Photo by Ally Aubry from Creative Commons on Flickr.

4 COMMENTS

  1. I’m an Independent, and I feel it’s wrong to be able to chose a Presidential candidate without being a member of that party. Require voters to go through the process of changing affiliation, at least temporarily.

    And who is going to pay for these primaries- the taxpayers.

  2. This is a welcomed change. Taxpayers already pay for party caucuses that discriminate and exclude independents. Independents pay tax money that fund closed elections for both parties is unfair and needs to change.

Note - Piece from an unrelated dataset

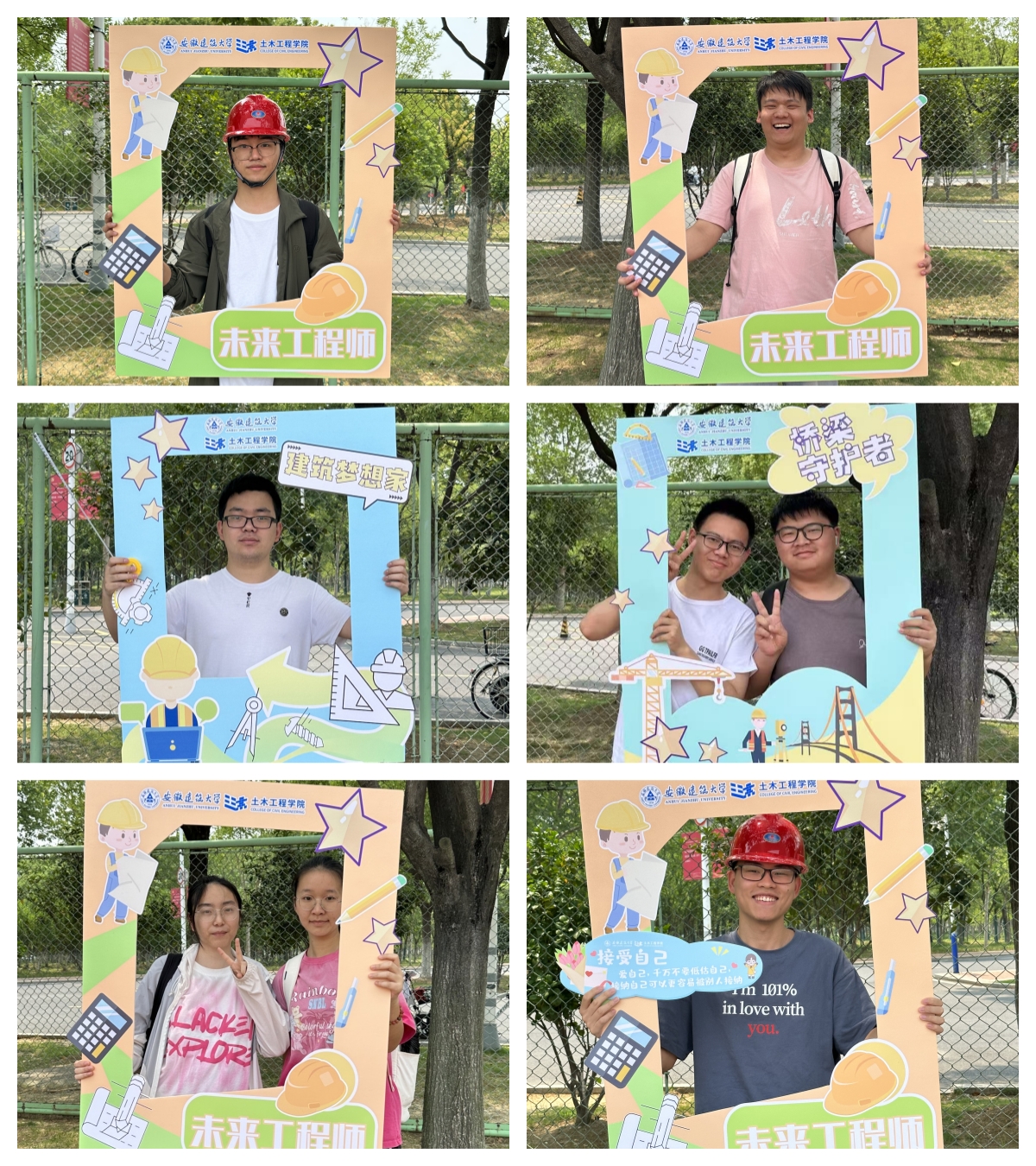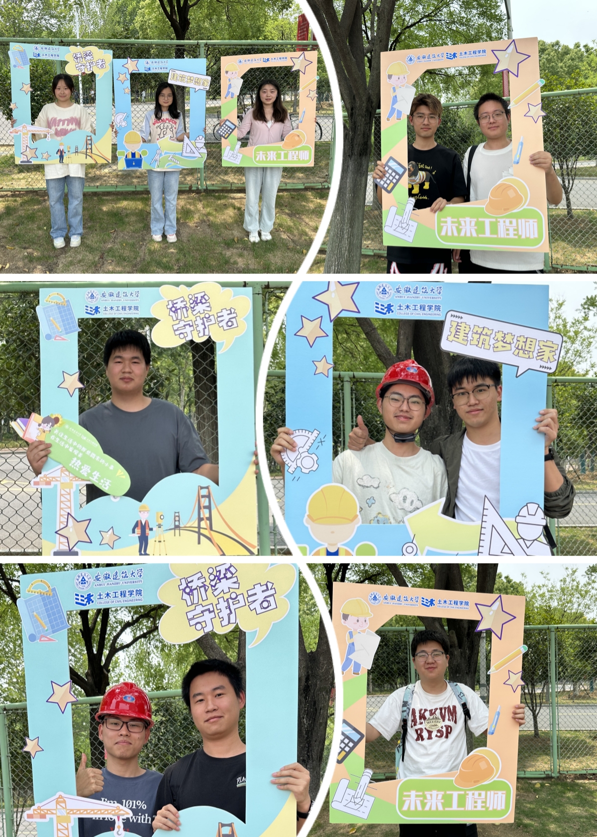 趣味kt板合影打卡区更是成为活动现场的欢乐焦点。造型独特的kt板以土木学院特色为灵感,结合心理健康教育提示语,设计了 “建筑梦想家”、“桥梁守护者”、“未来工程师” 等主题场景。同学们戴上安全帽、手持卷尺,摆出各种有趣的姿势,与kt板合影留念。在 “建筑梦想家”kt板前,几位同学做出手托举建筑的动作,寓意着用双手托起梦想,不惧困难,勇敢做自己;在 “桥梁守护者”kt板处,同学们模拟桥梁设计师认真勘测的模样,展现出对专业的热爱与担当,保持信心,坚定每一个选择。现场快门声不断,一张张照片定格下同学们灿烂的笑容与青春活力。这些承载着心理健康理念的标语,也随着一张张打卡照片,走进学生们的生活,传递着积极向上的能量。

  3. We already have to pay for the caucuses, and there are three of those. A district, a county, and a state. It cost Denver county 25k just to rent the convention center for our county caucus. Meanwhile, every other county had them. It is naive to think that the caucus process is cheaper. in addition, because our primaries exclude the largest voting base in the United States, only 9% of Americans are responsible for selecting the two most disliked candidates in our Nations history. Im conflicted however, because caucus states seemed to maintain their voter integrity. Primaries are much easier to manipulate, as we saw with 13 states having unprecedented margins of error in the exit polls, in favor of HRC. I do hope one of the additional measures includes hand counted ballots.

  4. A. Appleseed and Dana — where do you get the idea that the state taxpayers are paying for caucuses?

    Primary elections were held in the 1990s and 2000 elections (I wasn’t in the state before that). As Wikipedia states, “Caucuses are regulated by Colorado law, but expenses for it are paid by the major political parties that use the system.”